After 10 years, 20 LPs (including five Tech solos and two Tech collabo LPs) and nearly 1.5 million records sold by Tecca Nina alone, Strange Music is in a strong spot, despite the lack of mainstream hip-hop support from the industry or the fans, or much radio or video play. It doesn’t hurt, though, that what the label pushes is a roster of diverse
entities. The most recognizable faces, other than Tech, are fellow Kansas City natives Krizz Kaliko and Kutt Calhoun. The former, a plus-size live wire with slick raps and a singing voice steeped in opera and gospel influences, makes the brand’s most commercially viable music. Calhoun’s been with Strange since its start and reps the streets with his lyrics, along with Big Scoob, a rhyme partner of Tech’s from the pre-Strange days. And in May 2009, O’Guin introduced a Los Angeles–based division, Strange Music West, which signed Cali horrorcore veteran Brotha Lynch Hung as its first act. Only nine acts have signed to Strange since 2000, a self-imposed limitation that has allowed O’Guin to devote maximum energy to projects and ensure fan satisfaction.
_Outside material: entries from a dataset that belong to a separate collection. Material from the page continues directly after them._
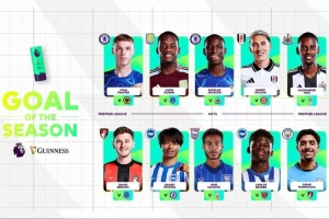 体育资讯5月28日讯 英超官方公布赛季最佳进球候选,三笘薫、帕尔默等球员的进球在列,多个世界波入围。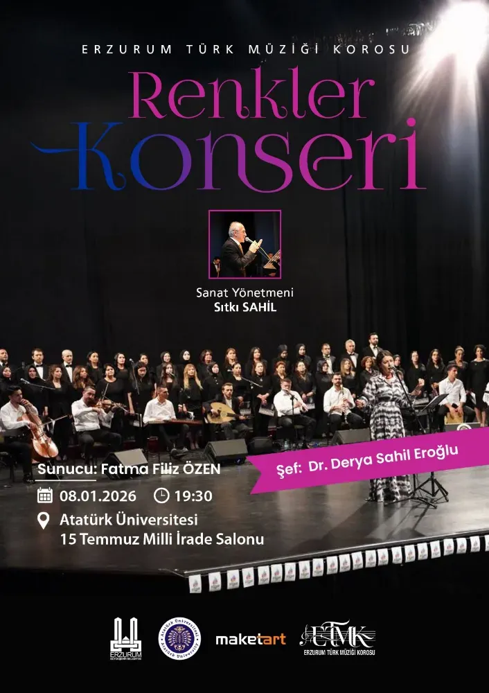 Erzurum’un sanata değer veren sivil toplum hareketlerinden biri olan Erzurum Türk Müziği Korosu, yeni yılın ilk büyük sanat etkinliğine imza atıyor. Atatürk Üniversitesi, Erzurum Büyükşehir Belediyesi Kültür Daire Başkanlığı ve MaketArt İnşaat’ın katkılarıyla düzenlenecek olan "Renkler Konseri", 8 Ocak 2026 Perşembe günü saat 19.30’da gerçekleşecek.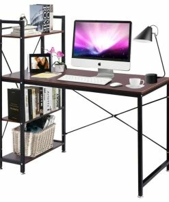 With compact design and 4-tier equipped shelf, this computer desk creates super large storage with less space occupying. Combined with two-side X-shape frame, there will be no worry about the table stability. As the material we use is of P2 grade, you may rest assured about your health for there is less harmful substance. The height of table leg is adjustable, which ensure greater practicality to use on all kinds of ground.

Violet Brown, director of urban music for the record-store chain Trans World Entertainment, has long appreciated the label’s consistency. “Strange Music is quietly selling millions of units without compromising who they are and
what they stand for,” says Brown. “I have said this thousands of times: There are no casual Tech fans.”
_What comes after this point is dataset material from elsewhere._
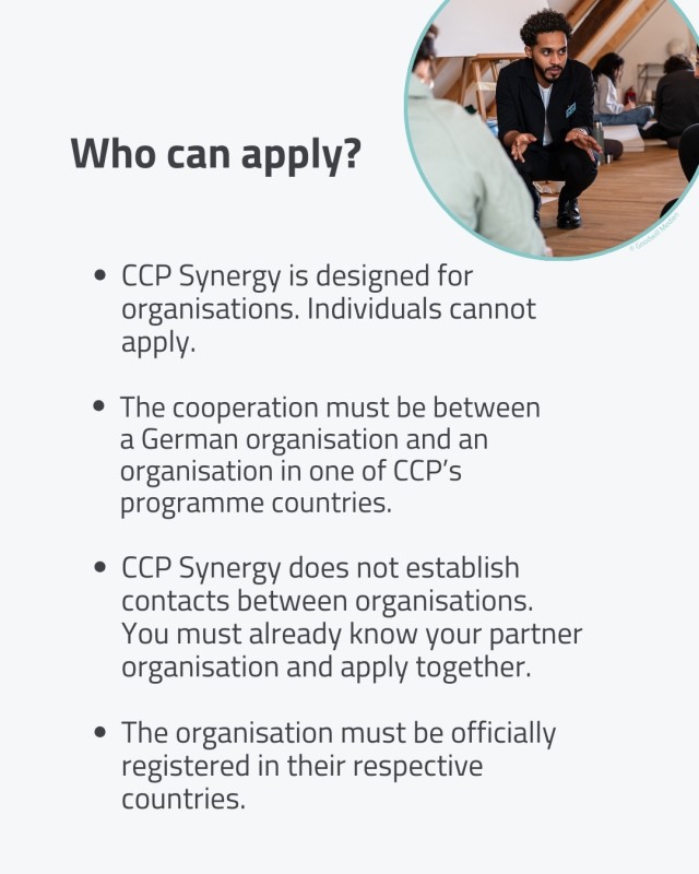 💡 Сизде саясат жана коом, медиа жана маданият, адам укуктары жана тынчтык же туруктуу өнүгүү жана климаттык адилеттүүлүк жаатында кызматташуу үчүн кызыктуу идея барбы? Анда өнөктөш уюмуңуз менен CCP Synergy программасына кызматташууңузду каржылатуу үчүн арыз бериңиз!

In addition to being fanatical, most of his followers are also a bit one-dimensional—meaning heavily White. “I’m trying to brighten my music up now, because [the dark sound is] why a lot of Black muthafuckas stopped listening,” says Tech. “For one, my imagery, a Black dude with a painted face—over here, they don’t do that shit. You gotta go to Africa for that. But, to them, the red spiked hair I used to have threw everybody off, and I’ve yet to fully get them back.”
The music speaks for itself. Beyond his face paint and unconventional tastes, Tech is a pure lyricist, deft in double-time flows and multisyllabic rhyme schemes. Contentwise, his verses run the gamut from painfully honest introspection to indictments against his music-industry peers (see “Crybaby,” on his 2008 double-LP Killer), with dashes of political commentary and demonic possession thrown in. For many, though, looking past Tech’s presentation is a task. “It seems to me that every other race—Whites, Asians, Latinos—is more accepting of weird-looking imagery, where Black folks seem to want to see the same type of dude all the time,” says Kaliko. “If you think about the general Black population coming from the hood, they’re used to seeing the hood stars that have the cars and money… They want to see these entertainers that they can identify with.”
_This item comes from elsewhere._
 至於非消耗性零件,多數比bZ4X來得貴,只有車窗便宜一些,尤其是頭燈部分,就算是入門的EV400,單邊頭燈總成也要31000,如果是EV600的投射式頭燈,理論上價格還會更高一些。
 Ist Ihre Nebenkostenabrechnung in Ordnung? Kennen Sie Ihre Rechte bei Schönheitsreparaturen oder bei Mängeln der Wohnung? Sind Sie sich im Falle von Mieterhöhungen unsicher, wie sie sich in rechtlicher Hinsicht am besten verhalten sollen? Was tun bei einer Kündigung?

Even if his fan base never changes, Tecca Nina and his Strange Music team have little reason to complain. Humility has been the label’s best asset. Realizing the limits of underground prestige, O’Guin and Tech aren’t opposed to booking shows with low guarantees, of, say, $10,000. The rationale is simple: Take a small payment, kill it onstage and then anticipate bigger offers the next time around. The capacities of their venues have ranged from as low as 800 to as many as 18,000. In May, the label released its second concert DVD, K.O.D. Tour: Live in Kansas City, taped last November and serving as a visual testament to the raucous energy at a Tech N9ne show. Not to mention an example of SM’s dedication to quality—it’s shot with seven cameras, in high-defi nition, and is offered on Blu-ray.
In 2008, Tech was one of only three rappers to place within Pollstar’s top 50 highest-grossing artists in terms of concert-ticket sales (the other two were Jay-Z and Kanye West). That Strange Music exceeds 200 shows a year is staggering. Yet what’s baffling is that their tours—including their most recent, 36-venues-in-37-days Strange Days Tour (tagline: “A Decade of Excellence”), which began in early May—have yet to reach the key Southern markets of Atlanta and New Orleans. Considering how dominant ATL, specifically, is these days, that’s a problem. “I keep telling Travis, ‘Put me on tour with Ludacris or somebody from the South,’” says Tech. “It’s easier said than done, but bottom
line is, I can’t infect the world if people are alienated.”
Nevertheless, thanks to constant touring, in January 2009, O’Guin and Tech were able to drop $2.1 million into the renovation of an open 18,000-square-foot space in Lee’s Summit (located 20 minutes south of Kansas City), turning it into an immaculate, all-purpose SM facility. The Strange logo (a snake and a bat crisscrossed) can be seen on everything from stairs, to floor tiles, to the soda machine, to the thermostat frame. There’s a filing cabinet containing video footage of every show throughout the label’s existence, ordered chronologically. One office is bursting with high-quality film equipment; another holds the social-networking team. There is also an office where a man works on building SM’s new online store, O’Guin’s comfy digs, a sleek conference room, four different kitchens, and quite a few more cubes and offices filled with happily working SM employees.